March 22, 2026
Backus drops a 1977 mic
Can Programming Be Liberated from the von Neumann Style? (1977) [pdf]
1977 legend slams bloated code—devs split: “go functional” vs “nice try”
TLDR: Backus’s 1977 Turing lecture dunked on bloated programming and championed a cleaner functional style. Today’s readers cheer its AI-era relevance, while others laugh about the forgotten “Applicative State Transition Systems” and argue whether bold ideas or everyday coding habits actually win.
A 1977 blast from the past is roasting today’s code. In his Turing Award lecture, John Backus—the mind behind FORTRAN and BNF (a formal way to define programming languages)—argued that conventional languages keep getting bigger, not better. He pitched a cleaner “functional” style, and the internet’s chiming in like it’s open mic night.
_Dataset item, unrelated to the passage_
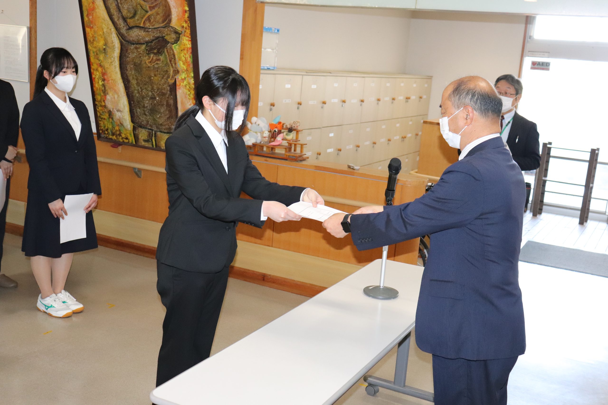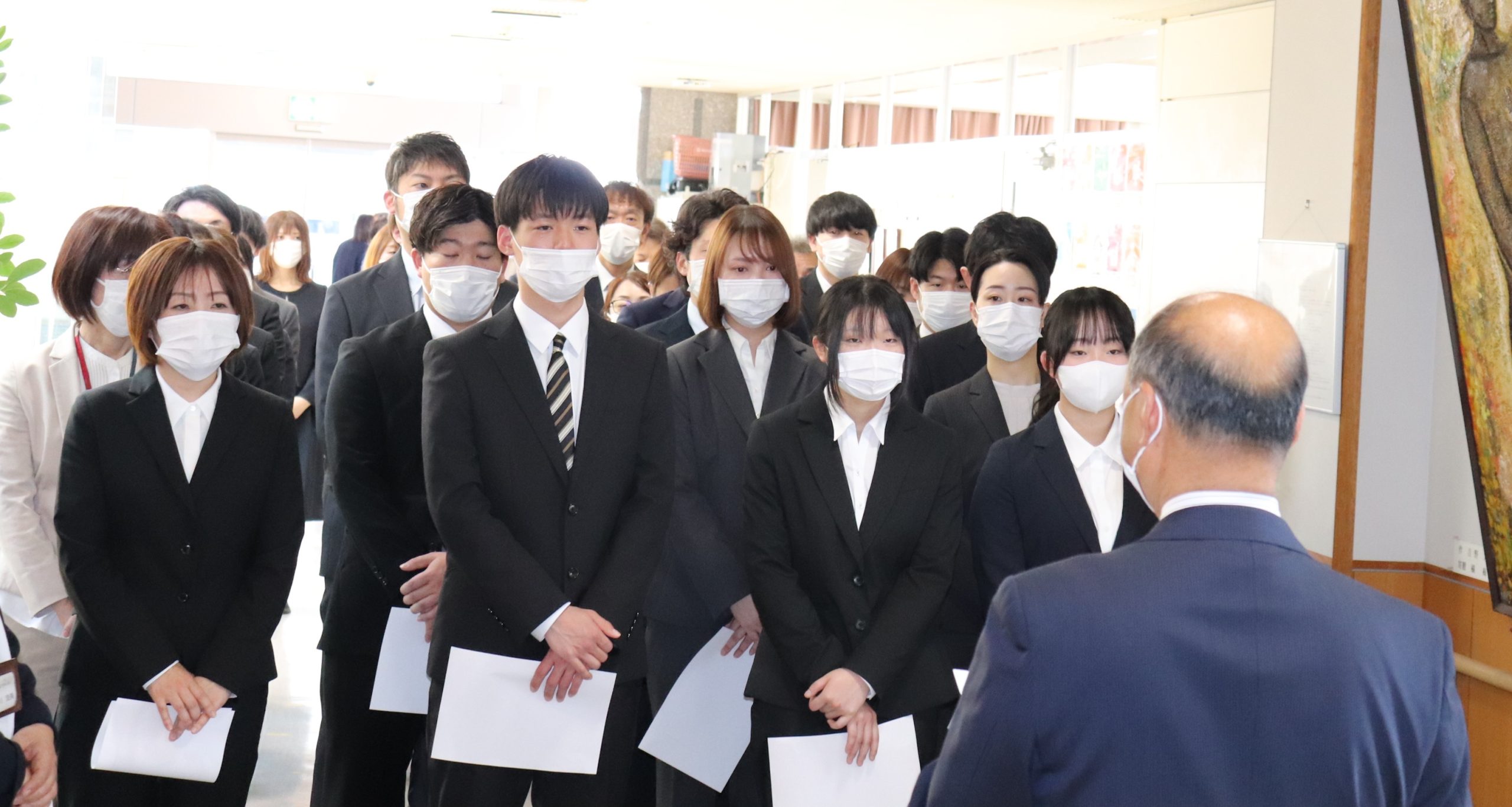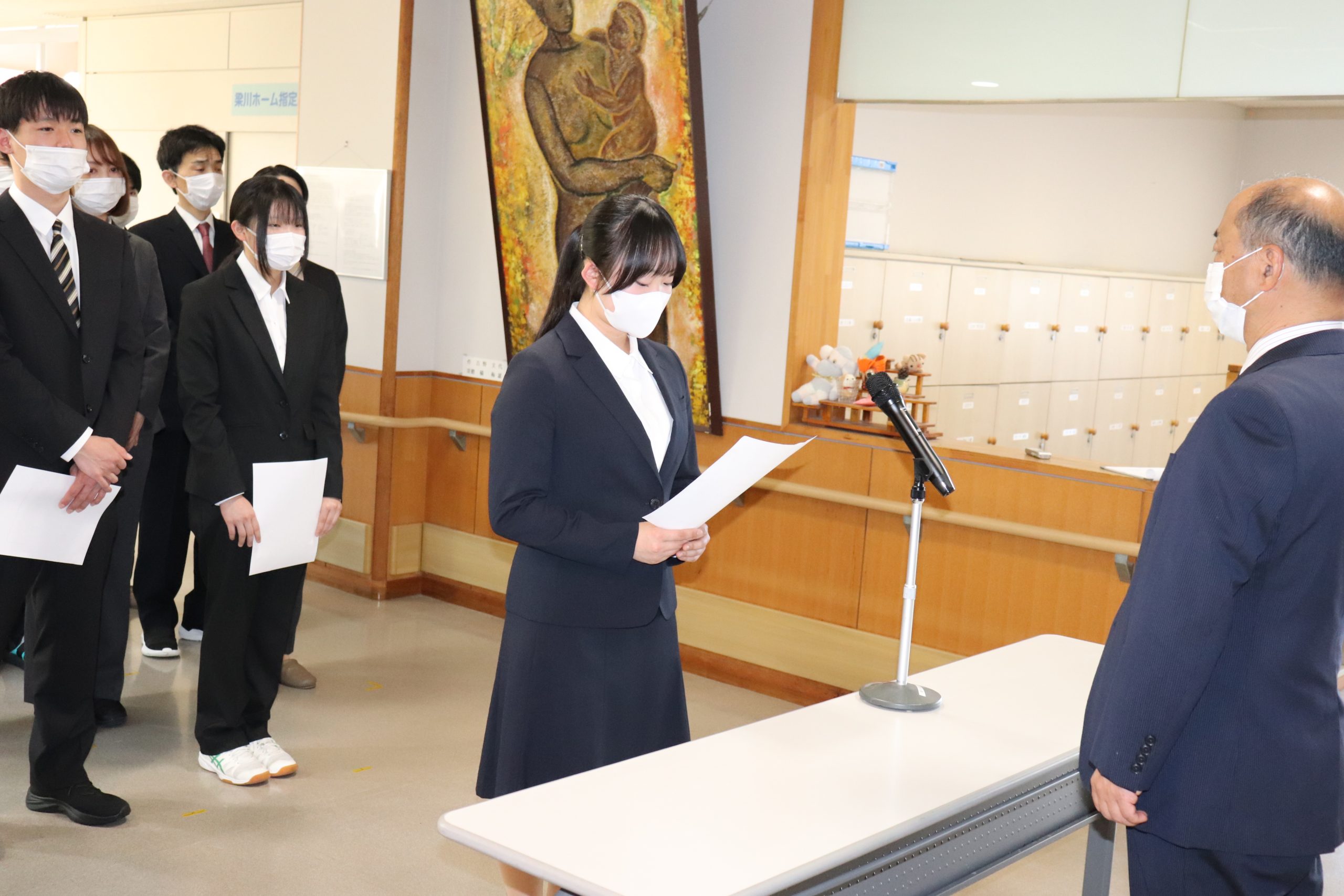 新入職員からは、「誠実に職務を遂行する」旨の力強い宣誓があり、社会人としての第一歩を踏み出しました。

One nostalgic commenter calls the paper “seminal,” adding they met Backus at IBM and swear he’d double down on functional programming in the age of AI helpers. That set off a wave of “preach!” replies and a few side-eyes from folks who say functional code can be harder to write than the usual step-by-step or object-based styles. Translation: is Backus the oracle of our AI era, or just the godfather of a beautiful headache?
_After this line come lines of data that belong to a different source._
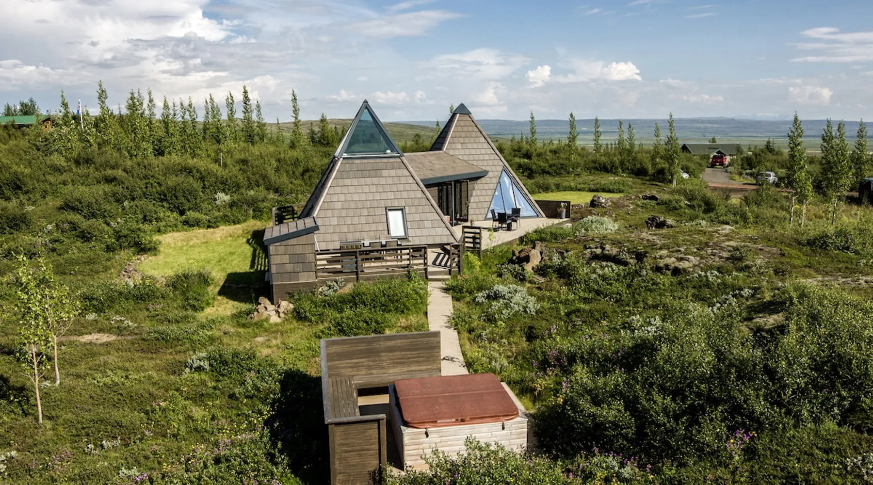This Unique Summer House was finished in 2010. This location is in one of the best vacation areas in the country. It is in the middle of the famous Golden Circle Route. The house was built to reflect the Icelandic landscape and complement the small vegetation of moss and trees in the old lava-field. It is a beautiful little gem within a great area of the country. 10 minutes to Geysir 20 minutes to Gullfoss 20 minutes to Skalholt 30 minutes to Kerid 40 minutes to Thingvellir The space This unique property was built to reflect the Icelandic landscape and complement the small vegetation of moss and trees in the old lava-field. The property is also very green and sustainable. The house is kept warm by geothermal water that runs through pipes in the floor keeping it warm and comfortable year-round. For those extremely cold days in the winter, we also have additional heaters that can be placed in the sleeping area and living room to further heat the house. All warm water in the house comes from a local geothermal hot-spring and the cold water is natural cold spring water from a nearby well. The electricity in the house is generated by geothermal energy from a nearby power-station. Please note that we do not have a landline at the house so we cannot offer WiFi included in our rates. The house has 2 bedrooms with queen size beds as well as 1 small bedroom for a single child or possibly an adult that is under 5.5 ft or 165 cm. The house also has a washer and dryer as well as a full kitchen with dishwasher/stove/oven. The property is quite spacious and has a small children playground in the back. From mid-August the property has crow berries and wild blueberries growing all around the cottage. Laugarvatn is 15 minutes drive (Fontana Spa, Lindin Restaurant, N1 Gas Station and a small grocery store). Geysir is 10 minutes away (Geysir, Strokkur, Geothermal area, Geysir Center, Camping ground, Souvenir Shop). Gullfoss is 25 minutes away. Þingvellir (Parliament Plains) is 40 minutes away. Skalholt is 25 minutes away. Kerid is 30 minutes away. Service Center with a small grocery store, pool, restaurant, camping ground, mini-golf, 9-hole golf course, horseback riding and much more is 2 minutes away. This is a unique property for travelers wanting to have a one of a kind vacation. Guest access All areas are open to guests. Please note that you will need to have a cell/phone access to call us in advance and when you arrive so we can let you into the community. Other things to note Please note that you will need to have a cell/phone access to call us in advance and when you arrive so we can let you into the community. Without a cellphone, your access to the house will be challenging.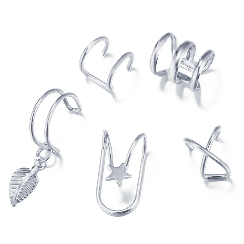 Набор каффов для ушей для женщин и девочек, простой: золото, серебр...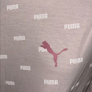 This is a soft Puma logo t-shirt and is in excellent condition! There is Puma written throughout and an upper Puma. The material tag has been removed, but it is a stretchy t-shirt material. Armpit to armpit is 26 inches and length is 27 inches.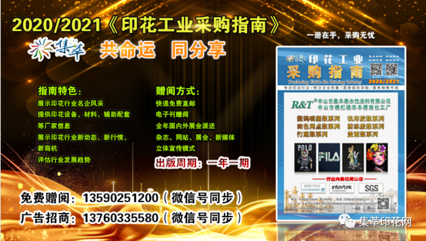 ﹒一冊(cè)在手 采購(gòu)無(wú)憂 去年,我們首版了《印花工業(yè)采購(gòu)指南》,收到了諸多行業(yè)客戶的好評(píng)和建議。 為了進(jìn)一步促進(jìn)印花產(chǎn)業(yè)無(wú)縫對(duì)接,印花產(chǎn)品供求無(wú)憂,印花資訊全盤(pán)掌握,在2020/2021《印花工業(yè)采購(gòu)指南》的編撰過(guò)程中,我們將延續(xù)以往的優(yōu)點(diǎn),改善去年的不足之處,爭(zhēng)取打造一本詳實(shí)、完整的行業(yè)采購(gòu)大全。 《印花工業(yè)采購(gòu)指南》由《印花世界》/集萃網(wǎng)編輯部出版,作為中國(guó)印花專業(yè)市場(chǎng)貨源信息傳播的招商平臺(tái),我們將本著打造中國(guó)印花界物資采購(gòu)的專業(yè)性綜合性刊物的宗旨,不負(fù)廣大客戶厚望,展現(xiàn)給大家劃時(shí)代意義的印花界寶典。 《印花工業(yè)采購(gòu)指南》將致力于服務(wù)整個(gè)印花產(chǎn)業(yè),成為一個(gè)集產(chǎn)品貿(mào)易、品牌宣傳、供需對(duì)接、技術(shù)交流于一體的高端商務(wù)平臺(tái)。它將憑借優(yōu)秀的傳播媒介和參考價(jià)值,成為印花行業(yè)運(yùn)營(yíng)商、采購(gòu)商的重要參考讀本,成為企業(yè)負(fù)責(zé)人和業(yè)務(wù)采購(gòu)人員一本必備的工具書(shū)。

Then a plot twist: another commenter digs up Backus’s mention of “Applicative State Transition Systems”—an obscure paradigm that, well, never took off. Cue the crowd: half wonders if it’s a lost treasure for AI agents, half shrugs that some ideas belong in museums. Jokes flew that ASTS sounds like a 70s prog-rock band, and someone quipped the lecture is the original “your code’s bloated” subtweet.
Verdict: readers are torn between “Backus was right—go functional” and “cool lecture, but reality didn’t budge.” The debate feels fresh because the stakes—AI writing more of our code—just got real.
Key Points
- •John Backus received the 1977 ACM Turing Award at the ACM Annual Conference in Seattle on October 17.
- •Backus led an IBM group in New York City that created Fortran and developed its first optimizing compiler.
- •Fortran became widely implemented across many computers and was adopted as a U.S. national standard in 1966.
- •Backus served on international committees that developed Algol 58 and Algol 60, influential in Europe.
- •In 1959, Backus introduced a formal syntax notation (BNF) at a UNESCO conference in Paris, with contributions recognized from Peter Naur.